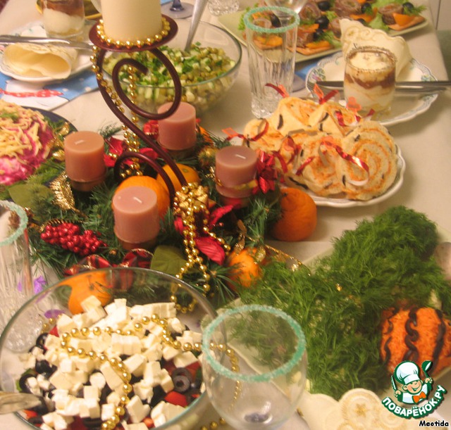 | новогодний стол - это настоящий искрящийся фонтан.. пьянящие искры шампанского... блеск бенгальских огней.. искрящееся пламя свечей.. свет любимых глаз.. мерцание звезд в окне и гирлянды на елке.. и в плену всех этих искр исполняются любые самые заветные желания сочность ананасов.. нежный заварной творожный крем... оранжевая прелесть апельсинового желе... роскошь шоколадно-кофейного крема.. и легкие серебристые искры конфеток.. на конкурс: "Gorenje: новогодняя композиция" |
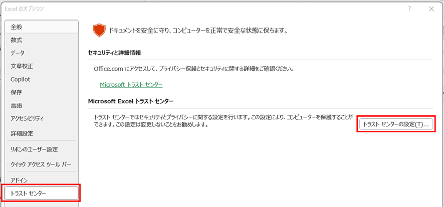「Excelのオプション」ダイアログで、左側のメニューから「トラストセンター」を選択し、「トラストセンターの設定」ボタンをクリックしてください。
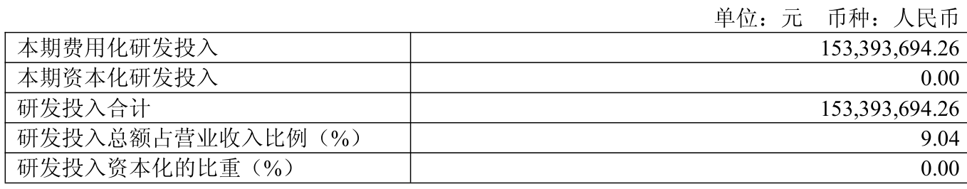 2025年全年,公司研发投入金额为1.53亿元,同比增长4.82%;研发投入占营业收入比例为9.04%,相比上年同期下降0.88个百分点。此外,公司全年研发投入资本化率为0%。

========

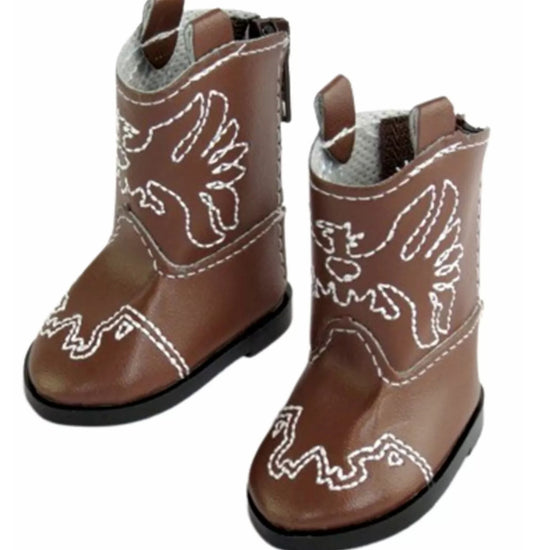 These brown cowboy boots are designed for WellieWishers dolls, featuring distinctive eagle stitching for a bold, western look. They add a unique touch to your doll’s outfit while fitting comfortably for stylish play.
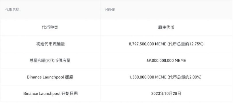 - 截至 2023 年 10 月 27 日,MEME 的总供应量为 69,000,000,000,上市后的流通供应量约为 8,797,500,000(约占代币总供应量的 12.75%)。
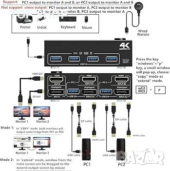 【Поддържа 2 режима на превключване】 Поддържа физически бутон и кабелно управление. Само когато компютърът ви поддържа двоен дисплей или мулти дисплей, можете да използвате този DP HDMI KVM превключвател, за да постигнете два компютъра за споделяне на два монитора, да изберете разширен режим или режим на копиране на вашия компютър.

========

WORK TO COMPLETE: Range to copy from the listing above: the line containing "These brown cowboy" down to the line containing "на вашия компютър.", both included. Reproduce it exactly, minus the pictures, and add nothing.

REPLY TO THE TASK:
 These brown cowboy boots are designed for WellieWishers dolls, featuring distinctive eagle stitching for a bold, western look. They add a unique touch to your doll’s outfit while fitting comfortably for stylish play.
 - 截至 2023 年 10 月 27 日,MEME 的总供应量为 69,000,000,000,上市后的流通供应量约为 8,797,500,000(约占代币总供应量的 12.75%)。
 【Поддържа 2 режима на превключване】 Поддържа физически бутон и кабелно управление. Само когато компютърът ви поддържа двоен дисплей или мулти дисплей, можете да използвате този DP HDMI KVM превключвател, за да постигнете два компютъра за споделяне на два монитора, да изберете разширен режим или режим на копиране на вашия компютър.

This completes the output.